##### RECORDS FOR PROCESSING

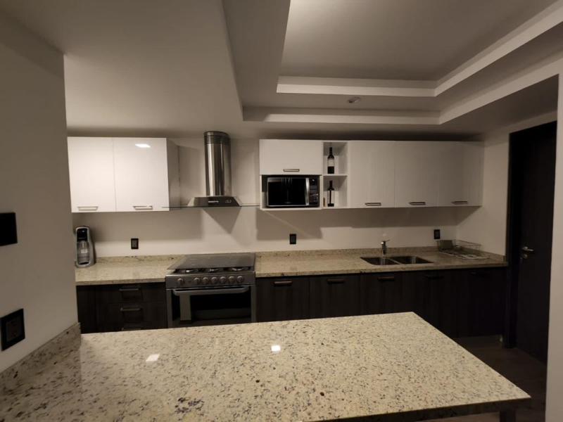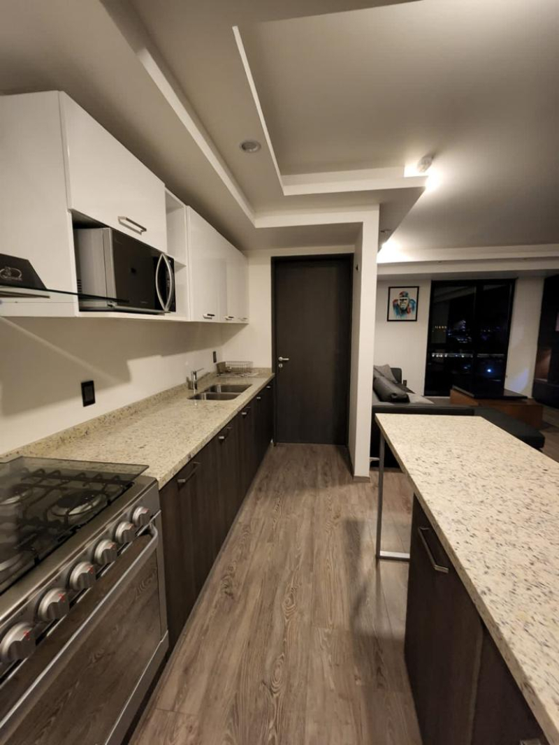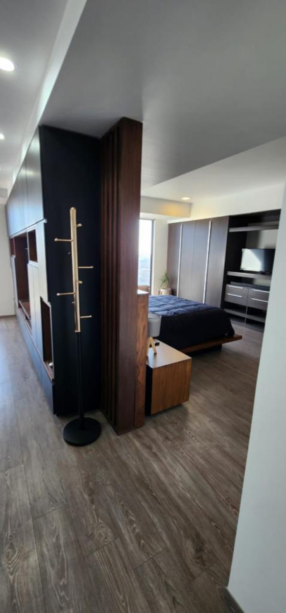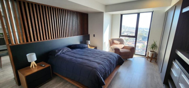 Hermoso departamento totalmente amueblado, la recámara separada del área social. Un baño, estacionamiento, vigilancia 24 hr. Agradables vistas hacia el centro de Toluca. Edificio nuevo
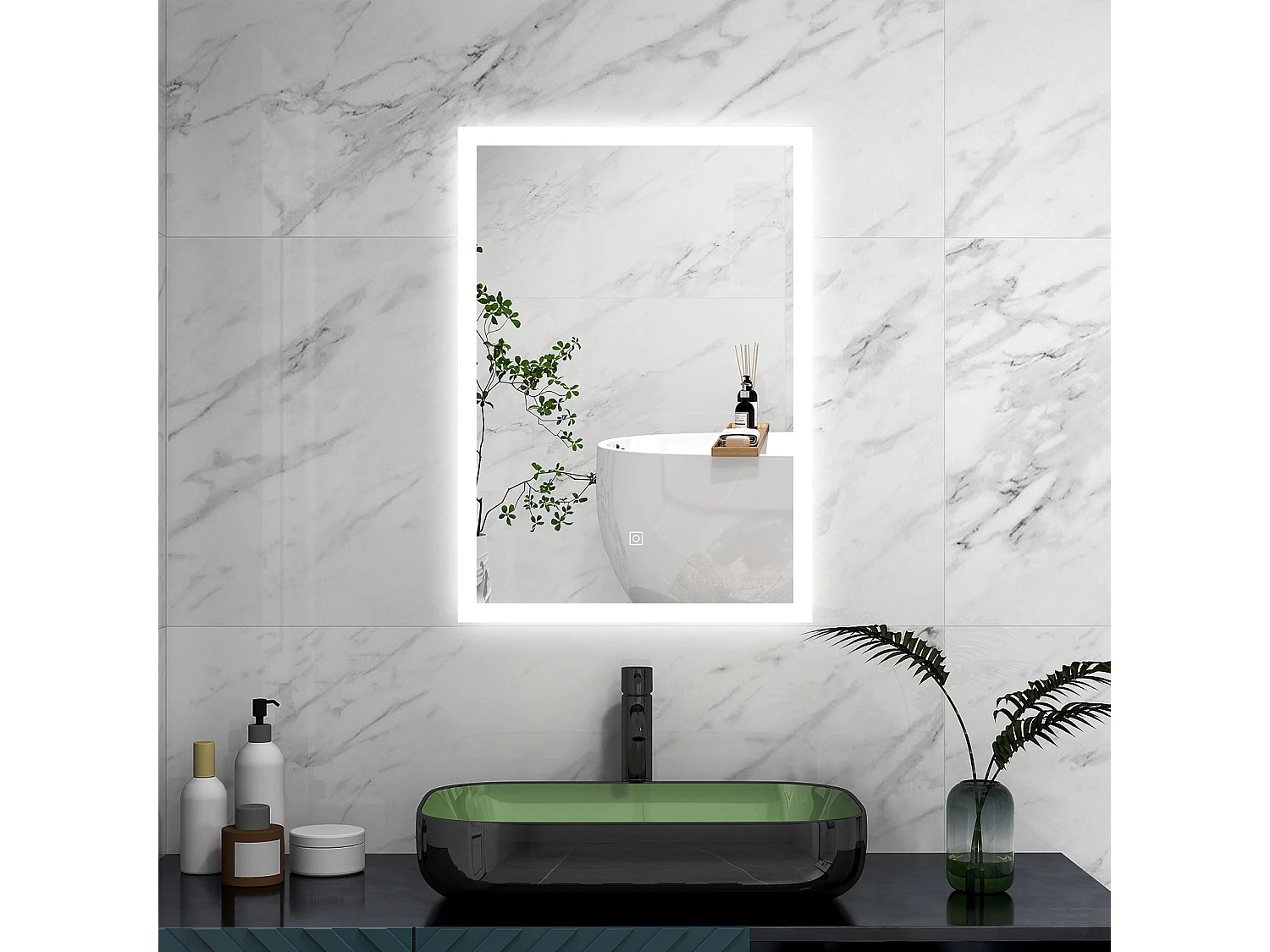 Specchio da bagno con bottone tattile
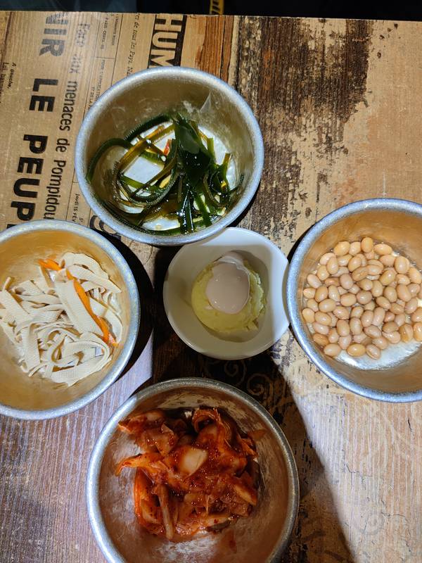 今天突然想吃班布大叔的饭,就和朋友一起去了。本想吃蔬菜石锅拌饭,看到有亲子饭就迫不及待地想试一下,结果很是失望。鸡肉肉质很嫩,但是上面有好多鸡皮,吃不下呀。鸡蛋和芝士放在一起真是迷之口味。不太喜欢。米饭有点太软了,硬一点会更好。今天的米饭普遍软,朋友的牛肉石锅拌饭米饭也很软。有点失望这次。但是每次都送小菜好评!
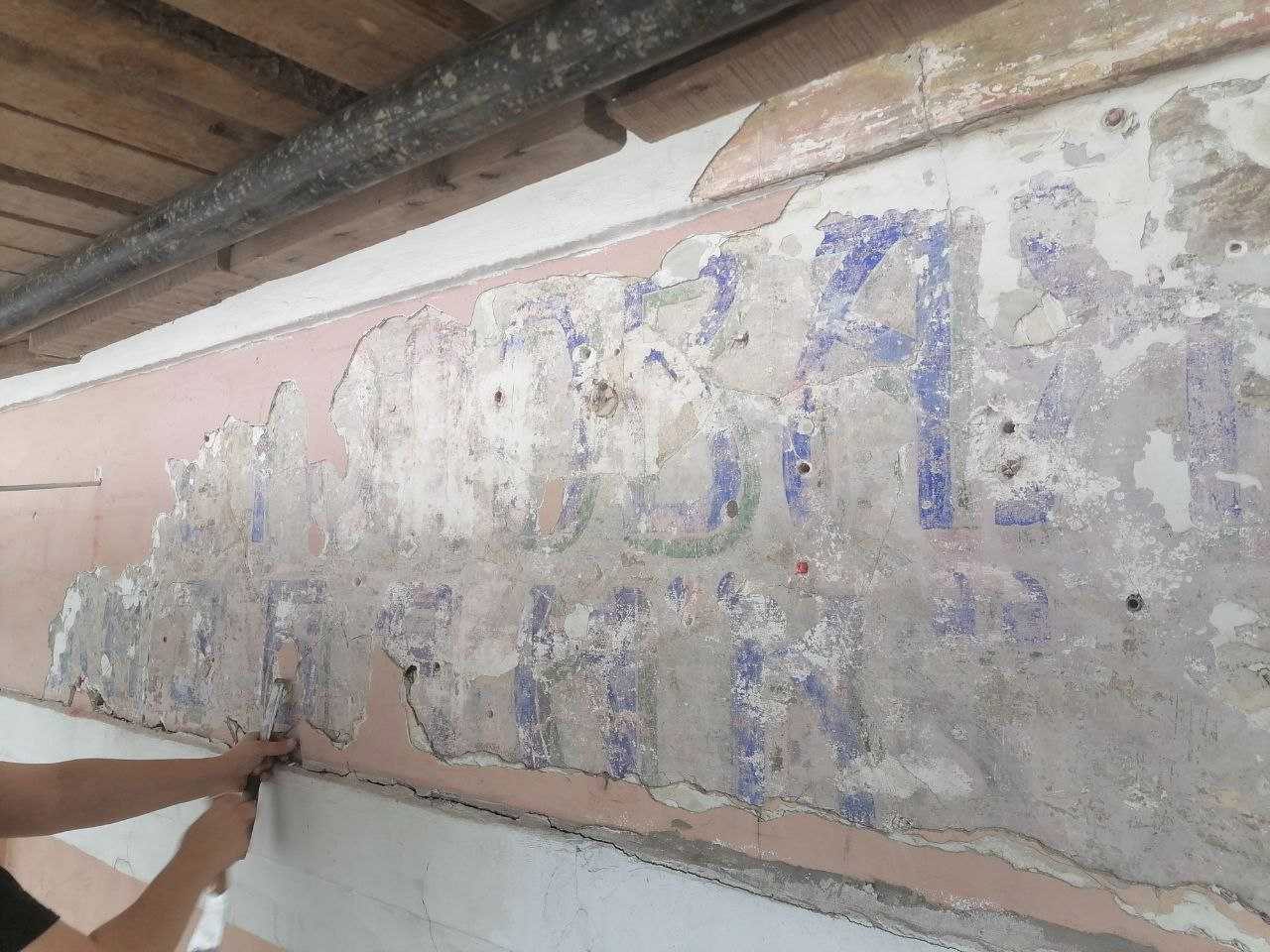 Кстати, обнаруженная надпись не единственная. Под "Казбеком" проглядывают еще две надписи более раннего времени с более изящными дореформенными буквами.
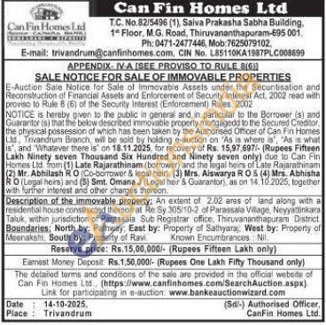 Description of the immovable property: An extent of 2.02 ares of land along with a residential house constructed thereon at Re Sy 305/10-2 of Parassala Village, Nevyattinkara Taluk, within jurisdiction of Parassala Sub Registrar office, Thiruvananthapuram District Boundaries; North by: Pathway, East by: Property of Sathyara; West by: Property of Meenakshi, South by: Property of Ravi
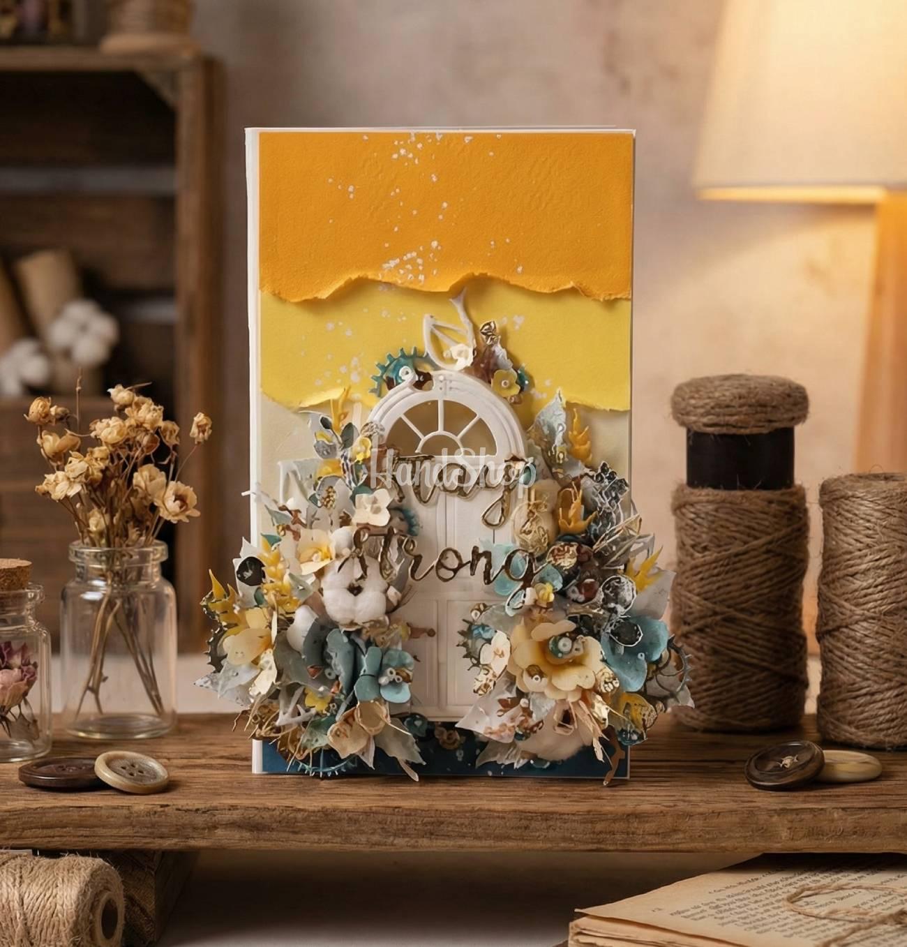 Особенности: открытки другу с днем рождения – объемная картина цветочная открытка ручной работы 20,5 х 12 см с надписью на английском языке: «Stay strong», созданная, чтобы вдохновлять, поддерживать и дарить веру в свою силу. Выполненная в теплой желтой гамме объемная открытка символизирует свет, надежду и внутреннюю энергию. В центре поздравительной открытки – уютный дом с дверью, обрамленными объемными цветами ручной работы, которые расцветают от новых возможностей. Это нежное напоминание о силе внутри, вере в себя и мечте, которая стоит за то, чтобы за нее бороться – собственный дом, собственное пространство, свою жизнь. Открытка вдохновляет быть сильным и независимым и иметь свой собственный дом. Открытка ручной работы конверт для денег – дополнение вашего поздравления! Простите открытки авторские конверты для денег на новоселье молодоженам – оригинально выражая чувства! Открытка с новосельем – неповторимое украшение будущего дома. Открытки другу с днем рождения – эксклюзивный знак внимания вашим родным, близким и друзьям!
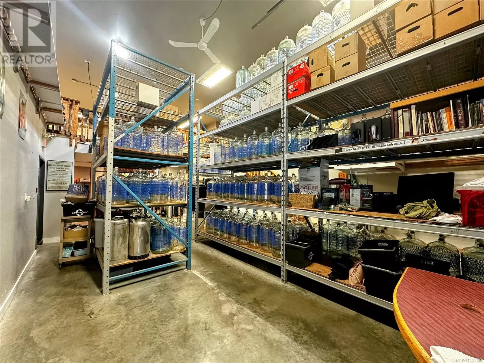 This industrial-zoned strata unit, located just off Highway 1 at the north end of Ladysmith, presents an excellent opportunity for businesses looking for a well-located and versatile space. The unit spans 2,000square feet, with 1,250 square feet of ground floor space and an additional 750 square feet of mezzanine. The configuration offers ample room for a variety of uses, including manufacturing, warehousing, and wholesale operations, making it an ideal space for small-scale business enterprises. The property features a grade-level roll-up door with a height of 14 feet, providing easy access for loading and unloading. The unit's 18-foot ceilings create a spacious, open environment, offering flexibility for different operational needs. Inside, there's a reception area that provides a professional entry for clients and visitors, along with an accessible washroom to ensure compliance with accessibility standards (id:27476)

##########

THE TASK: Both boundary lines included, write out word for word only the lines above from the one containing "Specchio da bagno con bottone tattile" to the one containing "Description of the", leaving out any pictures.

WRITTEN RESPONSE:
 Specchio da bagno con bottone tattile
 今天突然想吃班布大叔的饭,就和朋友一起去了。本想吃蔬菜石锅拌饭,看到有亲子饭就迫不及待地想试一下,结果很是失望。鸡肉肉质很嫩,但是上面有好多鸡皮,吃不下呀。鸡蛋和芝士放在一起真是迷之口味。不太喜欢。米饭有点太软了,硬一点会更好。今天的米饭普遍软,朋友的牛肉石锅拌饭米饭也很软。有点失望这次。但是每次都送小菜好评!
 Кстати, обнаруженная надпись не единственная. Под "Казбеком" проглядывают еще две надписи более раннего времени с более изящными дореформенными буквами.
 Description of the immovable property: An extent of 2.02 ares of land along with a residential house constructed thereon at Re Sy 305/10-2 of Parassala Village, Nevyattinkara Taluk, within jurisdiction of Parassala Sub Registrar office, Thiruvananthapuram District Boundaries; North by: Pathway, East by: Property of Sathyara; West by: Property of Meenakshi, South by: Property of Ravi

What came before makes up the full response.